▶ YOUR INSTRUCTIONS
Look below for the line with "Maglia manica lunga" and the line with "We also have"; repeat exactly those two lines and all lines between them, but no pictures.

▶ Collected data entries
----------------------------------------
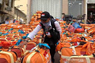 Seorang petugas haji Indonesia mengecek kelengkapan koper milik jamaah calon haji asal Makassar di depan lobi Hotel Tayeb, Syisyah, Mekkah Rabu (17/7/2019). Total jamaah calon haji Indonesia tahun ini sebanyak 231.000 orang, Indonesia merupakan negara terbanyak mengirimkan jemaah haji ke Tanah Suci setiap tahunnya dibandingkan dengan negara lain. ANTARA/Hanni Sofia/pri
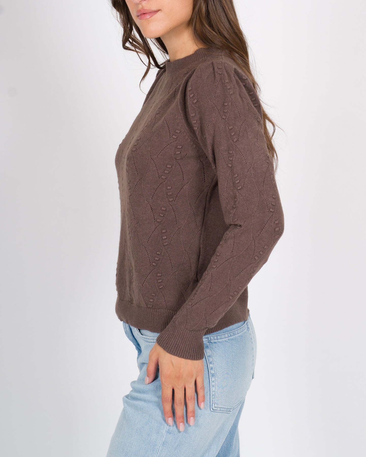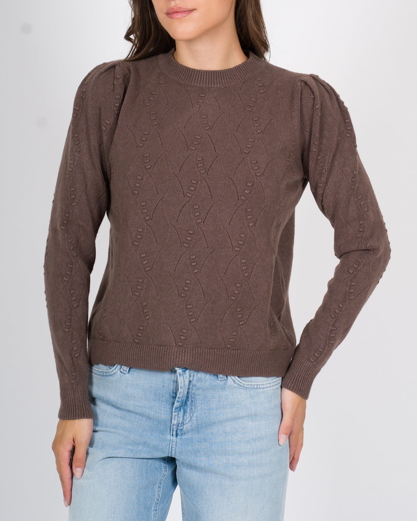 Maglia manica lunga realizzata in morbido tessuto di viscosa, arricchita da una delicata lavorazione a rombi tono su tono, che dona un elegante effetto tridimensionale al capo. Il giro manica a sbuffo aggiunge un tocco femminile e sofisticato, rendendo la maglia ideale sia pe outfit quotidiani che più ricercati.Dettagli tecnici:Tessuto: viscosaLavorazione a rombiManica a sbuffoColore: cacaola modella indossa la taglia S/M ed è alta 1.70.
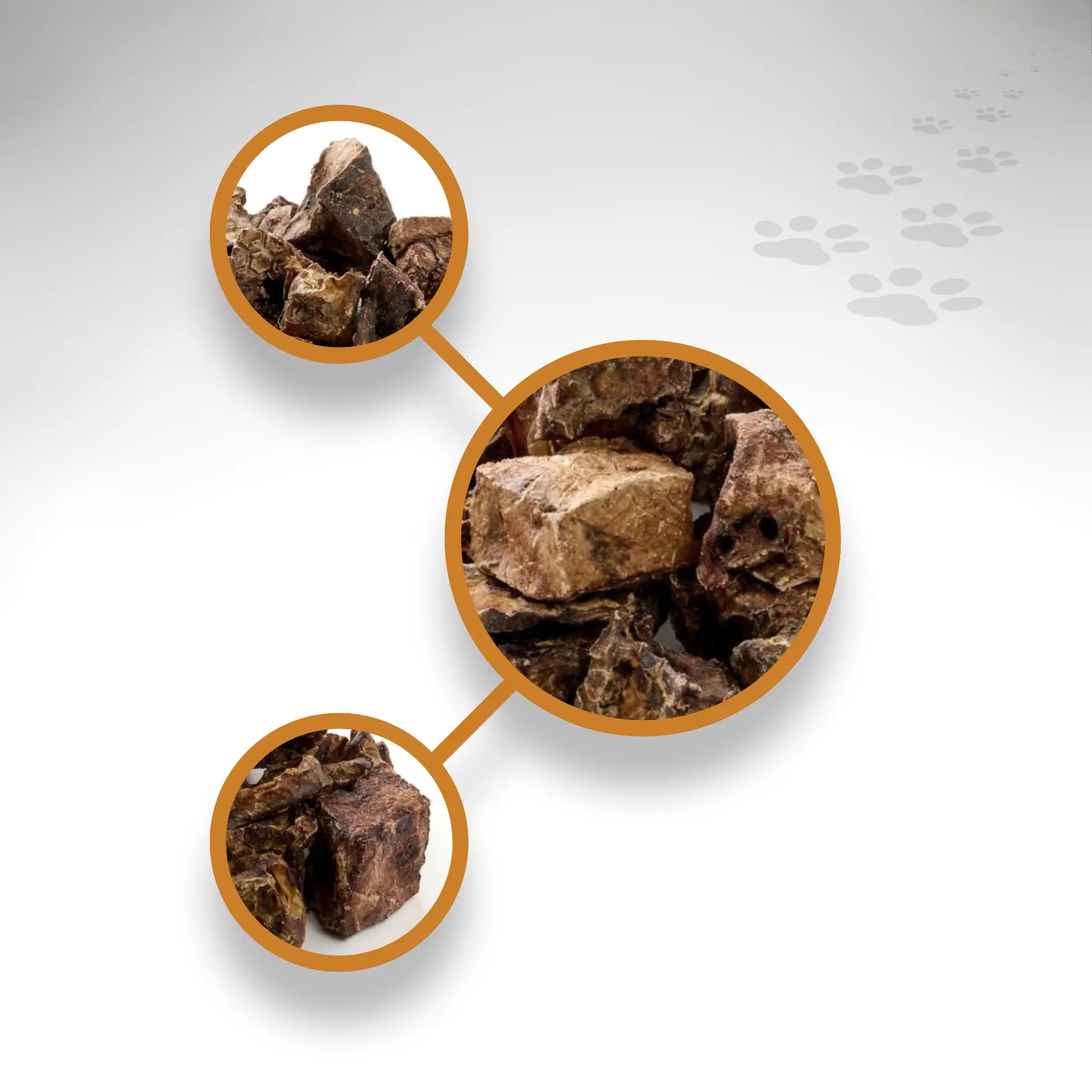 Lungengewebe hat von Natur aus eine schwammartige Struktur mit vielen kleinen Luftkammern, wodurch die Würfel trotz ihrer Nährstoffdichte besonders leicht verdaulich sind und sich perfekt für häufige Belohnungen eignen.Bitte beachten:
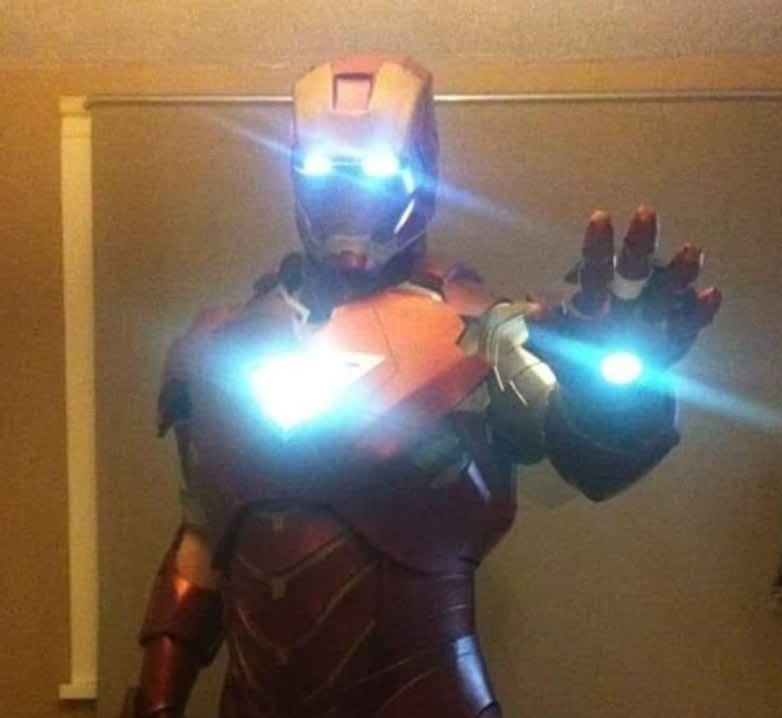We also have iron mans glove with the stones and they all light up. This looks fantastic.
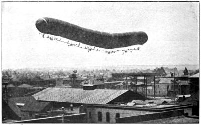 Some time last year there came from the windy city of Chicago to the hardly less breezy San Francisco a man named John A. Morrell, who built a small airship with a balloon of insufficient size to lift the engines and netting. The craft got loose before the crew of twelve had taken their places and rose from a hundred to two hundred feet in the air, floating away in a southerly direction down the San Francisco peninsula and coming to rest at Burlingame, in San Mateo County, twenty miles from its starting-point.
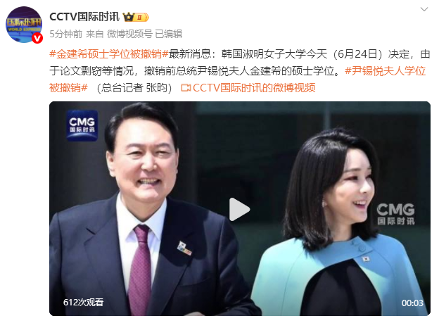 韩国淑明女子大学今天(6月24日)决定,由于论文剽窃等情况,撤销前总统尹锡悦夫人金建希的硕士学位。
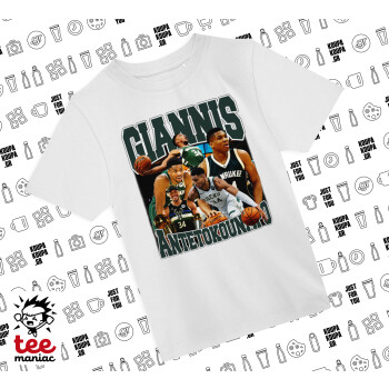 Giannis Antetokounmpo, Άνετο παιδικό T-Shirt ΛΕΥΚΟ από 100% βαμβάκι, για κάθε μέρα. Vegan & OEKO-TEX πιστοποιημένο.
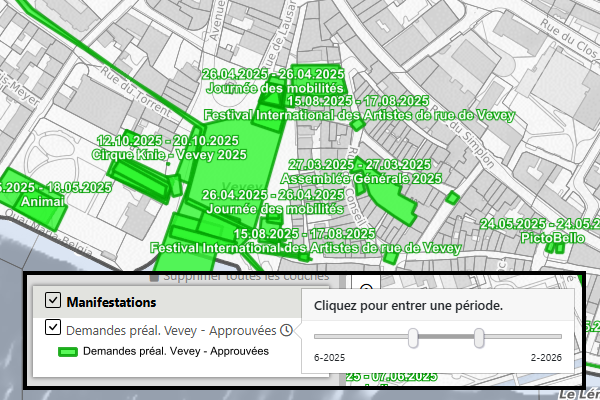 Contient les demandes préalables de manifestations de Vevey ayant lieu sur le domaine public, et ayant été approuvées par la Municipalité.
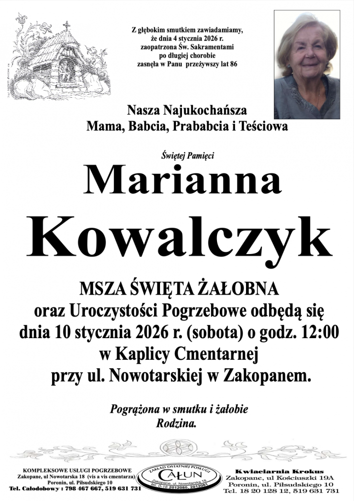 Miarianna Kowalczyk - Nekrologi - podhale24.pl
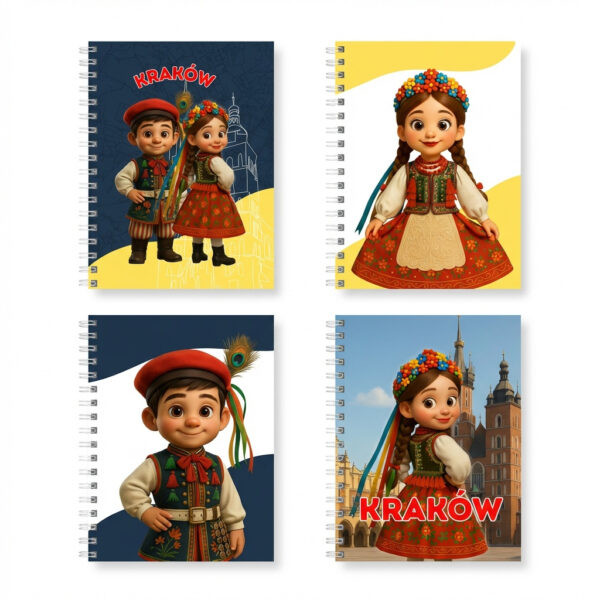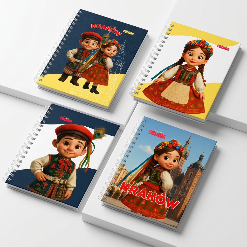 O Caderno Kraków – Coleção Polônia é inspirado na cidade de Kraków e em seus trajes típicos tradicionais, símbolos de identidade, história e expressão cultural polonesa. Cada elemento do design remete às cores, formas e detalhes presentes no vestuário tradicional da região, reinterpretados em uma criação autoral contemporânea da Folkoa.
----------------------------------------
▶ SOLUTION BELOW
 Maglia manica lunga realizzata in morbido tessuto di viscosa, arricchita da una delicata lavorazione a rombi tono su tono, che dona un elegante effetto tridimensionale al capo. Il giro manica a sbuffo aggiunge un tocco femminile e sofisticato, rendendo la maglia ideale sia pe outfit quotidiani che più ricercati.Dettagli tecnici:Tessuto: viscosaLavorazione a rombiManica a sbuffoColore: cacaola modella indossa la taglia S/M ed è alta 1.70.
 Lungengewebe hat von Natur aus eine schwammartige Struktur mit vielen kleinen Luftkammern, wodurch die Würfel trotz ihrer Nährstoffdichte besonders leicht verdaulich sind und sich perfekt für häufige Belohnungen eignen.Bitte beachten:
We also have iron mans glove with the stones and they all light up. This looks fantastic.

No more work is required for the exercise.